Literacy Disrupted

Coming soon to classrooms: the joy of reading (on tablets).

GUEST COLUMN | by Gideon Stein

CREDIT LightSail EducationWhat are your students reading? Great fiction and non-fiction texts that are a pleasure to read? If so, count them among the fortunate few. Reading has become an unwelcomed chore for the vast majority of students in public, charter and private schools throughout the country. There are many reasons for this, including uninspired made-by-committee textbooks, understandably distracted students, and teachers who need professional development and support to help children enjoy reading.

The catastrophic result is that, according the National Center for Education Statistics, a shockingly low 33 percent of American students are proficient in reading by eighth grade. Tragically, most of the others never catch up. Student readiness for college-level reading, according to the ACT, is at its lowest in over a decade.

In recognition of our national failure to make good books, love of reading and support for reading instruction part of every school’s literacy program, 46 states have mandated a return to quality reading, including texts of literary and historic value, in the form of the Common Core State Standards.

The good news, whatever your stance on the Common Core, is that there simply is no better way – some would argue no other means – to build students’ comprehension and cognition skills than for them to engage consistently, purposefully and more pleasurably with books. And digital tablets are making that possible.

There has been a lot written on technology’s potential to “disrupt” American education for better or, some believe, worse. But while there may be legitimate reasons for concern about the over-use of technology in the classroom, digital tablets offer an extraordinary opportunity to impact literacy rates by improving the quality of students’ reading, supporting teachers, and helping administrators scaffold their schools’ enhanced reading program. And all of this can be done using tablets for a relatively small part of a child’s instructional day.

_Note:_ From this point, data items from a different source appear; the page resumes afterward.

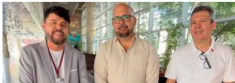
Anúncio foi realizado pelo prefeito Rodrigo Silva, em vídeo publicado nas redes sociais
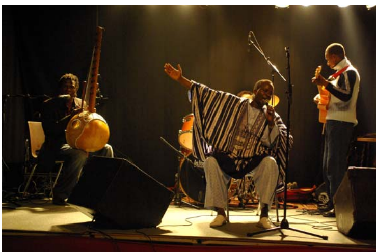
Hoordol Feestival 6 oktober 2007

vzw KetaKeti zelf heeft GEEN werkingskosten; elke euro die we hier in België verzamelen gaat integraal naar Nepal. In naam van de le- raars, de leerlingen en hun ouders: onze hartelijke dank!
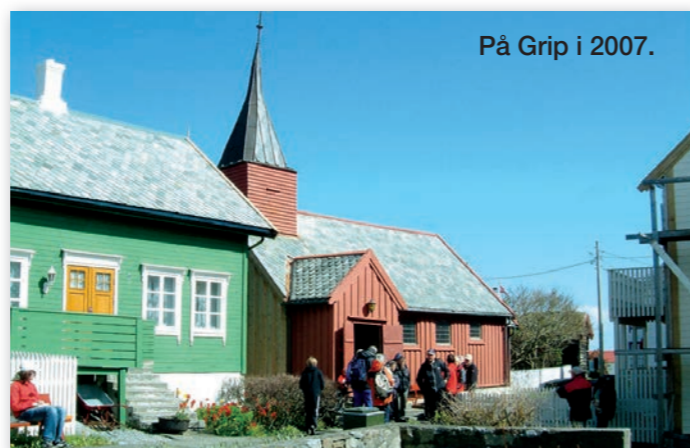
På Grip i 2007.
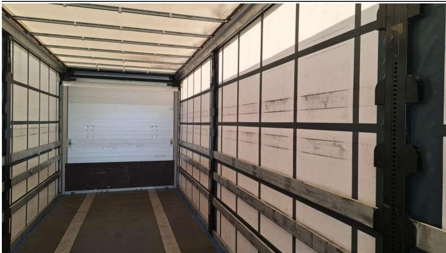
Fot. nr 47
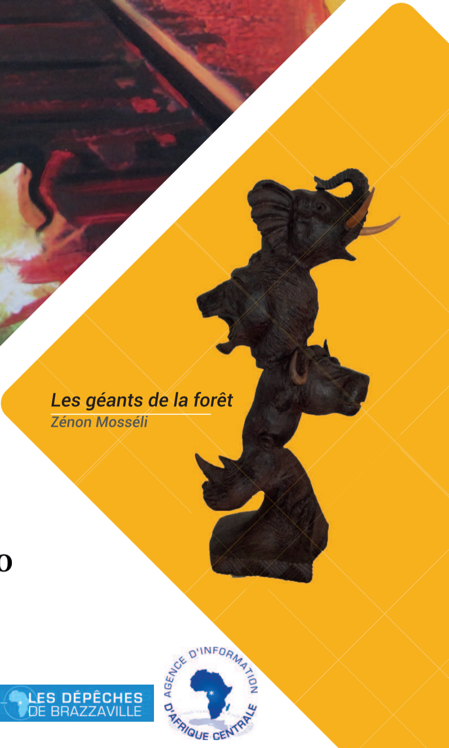
Les géants de la forêt Zénon Mosséli

Digital tablets – iPads, and others – are among history’s fastest-growing educational tools. More than 5 million iPads have already been sold to U.S. schools, many in our largest districts.  This rapid adoption of tablets is being driven by educators who see their promise – in exciting students, certainly, but also in bringing a wealth of instructional materials, including materials familiar to us pre-tablet students, into often under-resourced classrooms.

Using a tablet, students can access worthwhile books when they need them, where they need them. Publishers are now supporting the development of classroom e-libraries, providing best sellers and classics to schools at cost-effective prices.

Tablets support teachers, too. Educational software monitors students’ comprehension as they read, through third-party validated assessments and other analytic tools. This way, teachers know when students need help and can provide it immediately, face-to-face. The same digital tools can instantly aggregate data on classrooms’ progress toward Common Core mastery for administrators, who in turn can make certain that teachers who aren’t supporting students effectively receive the coaching they need.

These changes are already taking place in urban classrooms. In my work, I have heard from teachers whose lives have been made not just easier but more rewarding because of what tablets are doing for their literacy program. I have seen at-risk students reading on tablets long after being dismissed for lunch – because the books they were reading were that good.

If this is the disruption pundits have been predicting, it looks a lot like joy.

Gideon Stein, CEO and founder of LightSail Education, is Vice Chairman of the Education News Network and serves on the boards of New Classrooms and The Moriah Fund, a private foundation.